Contact dependent reproducible hypomania induced by deep brain stimulation in Parkinson's disease: clinical, anatomical and functional imaging study.

机构信息

Service de Neurologie A, Hôpital Gabriel Montpied, 58 rue Montalembert, CHU Clermont-Ferrand, F-63000 Clermont-Ferrand, France.

出版信息

J Neurol Neurosurg Psychiatry. 2011 Jun;82(6):607-14. doi: 10.1136/jnnp.2009.199323. Epub 2010 Nov 3.

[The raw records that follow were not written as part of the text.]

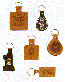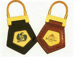 These keyrings are available in either genuine black or tan leather. Minimum quantity on any of those pictured below is 250. They range in size from the large square leather key ring at 2 1/4" X 2 1/4" and an imprint area of 2" X 2" to the teardrop shape key tag that is 1 1/2" X 2" and provides an imprint area of 1 1/8" X 1 5/8"..
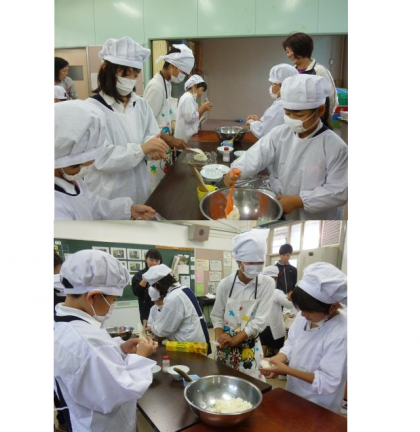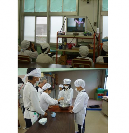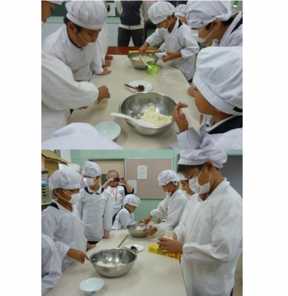 1時間目はあゆみの時間でした。12月にある親子交流会の練習でおにぎりを作りました。初めに、作り方をビデオで見ました。ごはんに塩を入れて、ラップに、お茶碗半分のご飯を置きます。それから、ラップごとにぎります。初めての人も上手にできていました。
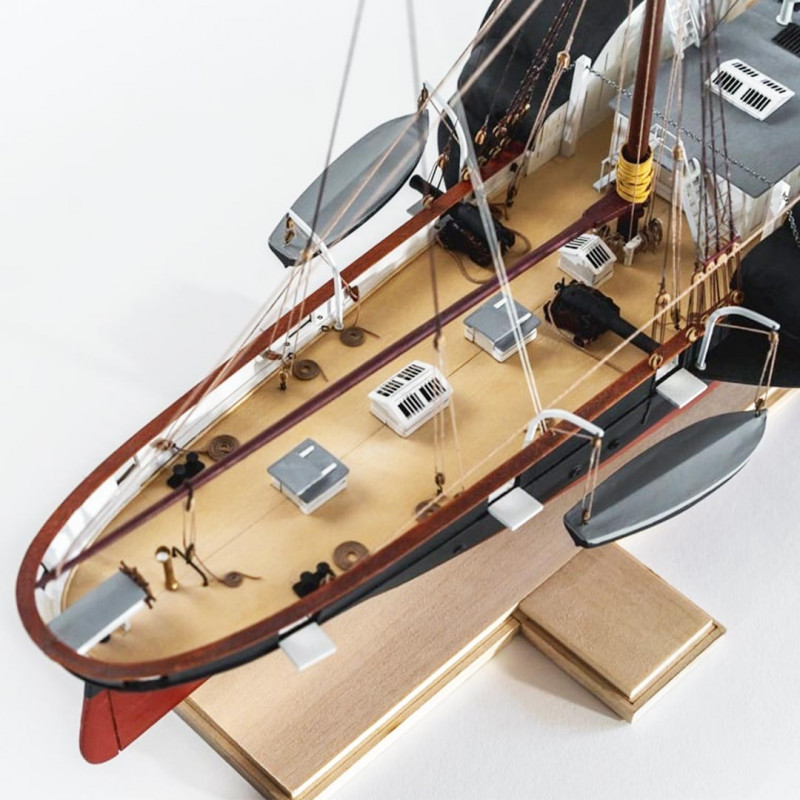 Construit en bois et en métal, il met en lumière la construction minutieuse à l'échelle, mettant en valeur les détails complexes de l'embarcation.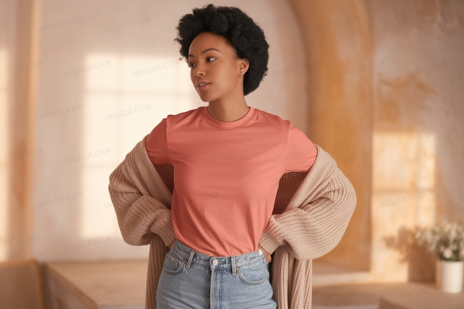 Similar Design Products to Woman wearing coral t shirt and cardigan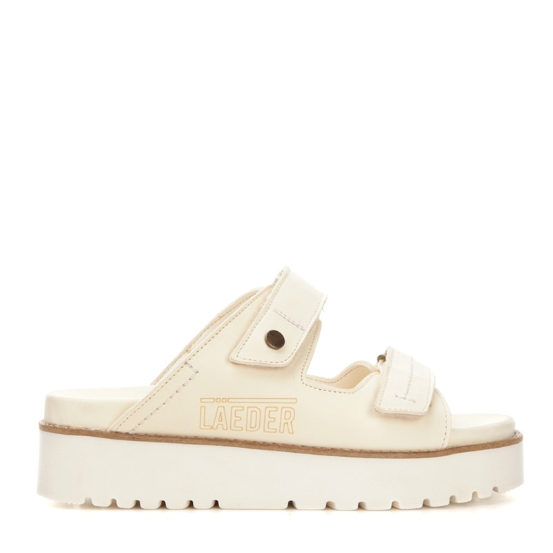 Lilja, platåsandaler från Läeder by Nature med ovandel i ett offwhite syntestiskt garvat skinn. Innersula har en extra padding för optimal komfort, yttersulan är ca 3,5 cm hög och är i lättvikts EVA. Läeder by Nature är exklusivt framtaget för att värna om vår miljö och om dig. Det är en unik och gedigen produkt av högsta kvalitet. Allt skinn och foder är helt kromfritt och skorna produceras i Portugal.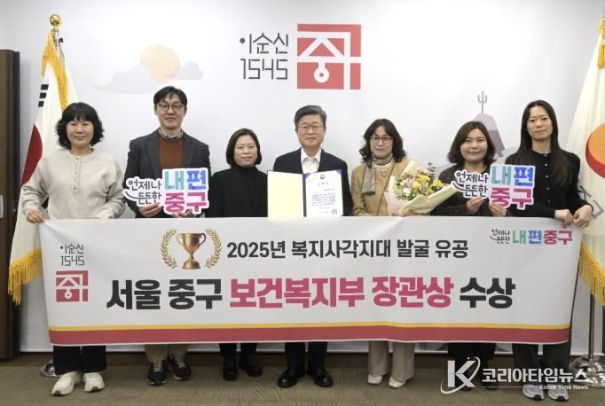 코리아타임뉴스 노승선 기자 | 서울 중구가 보건복지부 주관 ‘2025년 사회보장정보시스템 구축 및 운영평가’에서 ‘복지사각지대 발굴 분야’ 우수기관으로 선정돼 보건복지부 장관상을 수상했다.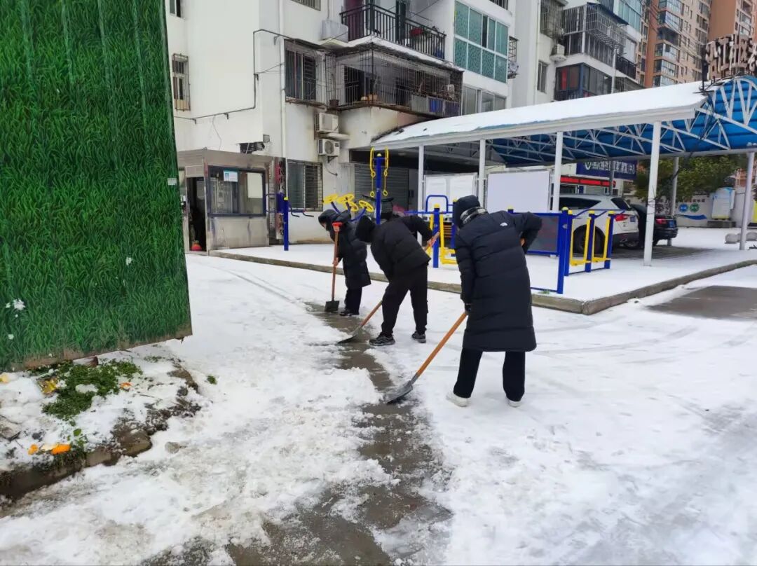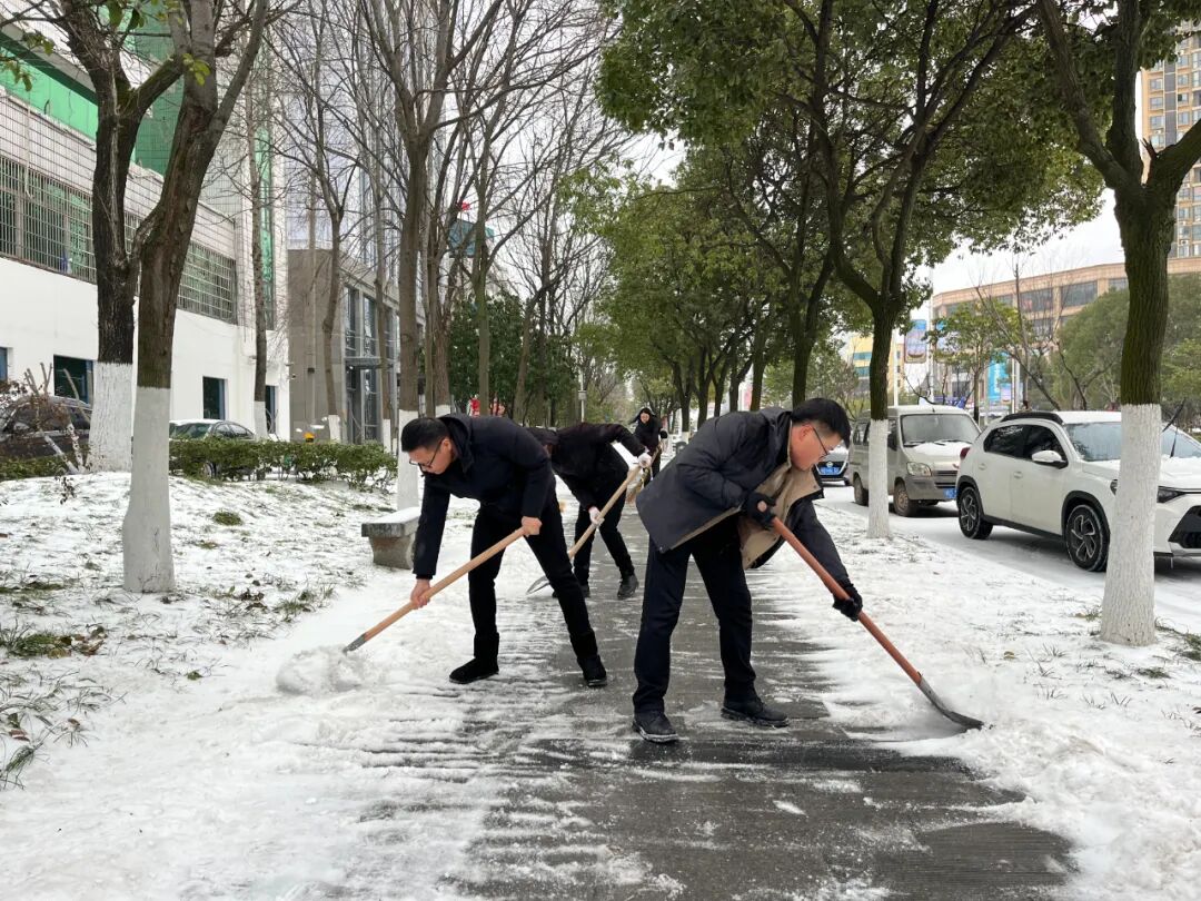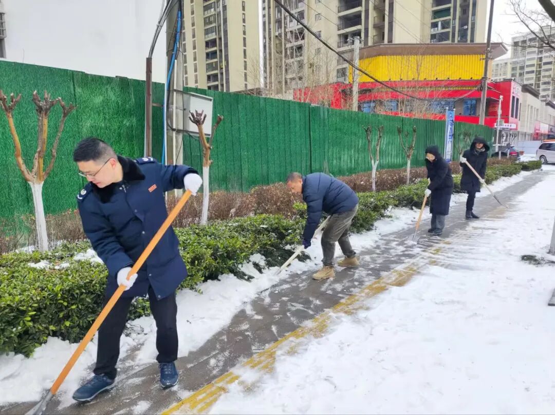 2月22日,县住房公积金中心党员干部开展铲冰除雪活动。

DOI:10.1136/jnnp.2009.199323
PMID:21047882
Abstract

Hypomanic symptoms depending on anatomical location of contacts are reported in patients with Parkinson's disease (PD) treated by deep brain stimulation (DBS) of the subthalamic nucleus (STN). However, the underlying cortical and subcortical dysfunction is debated. In this study, five PD patients implanted with DBS-STN who presented with reversible and reproducible hypomanic symptoms after stimulation of specific 'manic' contacts were investigated. Hypomanic symptoms were assessed using the Bech and Rafaelsen Mania Scale (MAS). Three dimensional anatomical location of 'euthymic' and 'manic' contacts, after matching the postoperative CT scan with the preoperative stereotactic MRI, and a H(2)(15)O positron emission tomography (PET) study testing 'euthymic' and 'manic' contacts, were performed. Under 'euthymic' conditions, MAS score (mean±SD) was 0.6±0.5 compared with 7.8±3.1 under 'manic' conditions. Nine of 10 'manic' contacts were located in the substantia nigra, mainly in its ventral part. PET showed that hypomania was associated with strong asymmetrical cerebral activation involving preferentially the right hemisphere and was mediated by activation of the anterior cingulate and medial prefrontal cortex. The present study demonstrates the role of the subcortical structures in the genesis of hypomania in PD patients treated with DBS and stresses the involvement of the substantia nigra.

摘要

在接受深部脑刺激(DBS)治疗的帕金森病(PD)患者中,据报道,根据触点的解剖位置,会出现轻躁狂症状。然而,皮质和皮质下功能障碍的潜在原因仍存在争议。在这项研究中,对 5 名接受 STN-DBS 治疗且在刺激特定“躁狂”触点后出现可逆和可重复的轻躁狂症状的 PD 患者进行了研究。使用 Bech 和 Rafaelsen 躁狂量表(MAS)评估轻躁狂症状。在将术后 CT 扫描与术前立体定向 MRI 匹配后,确定“正常”和“躁狂”触点的三维解剖位置,并进行 H(2)(15)O 正电子发射断层扫描(PET)研究以测试“正常”和“躁狂”触点。在“正常”状态下,MAS 评分(均值±标准差)为 0.6±0.5,而在“躁狂”状态下为 7.8±3.1。在 10 个“躁狂”触点中,有 9 个位于黑质,主要位于其腹侧部分。PET 显示,轻躁狂与强烈的非对称大脑激活有关,主要涉及右侧半球,并且由前扣带和内侧前额叶皮层的激活介导。本研究证明了皮质下结构在接受 DBS 治疗的 PD 患者中产生轻躁狂的作用,并强调了黑质的参与。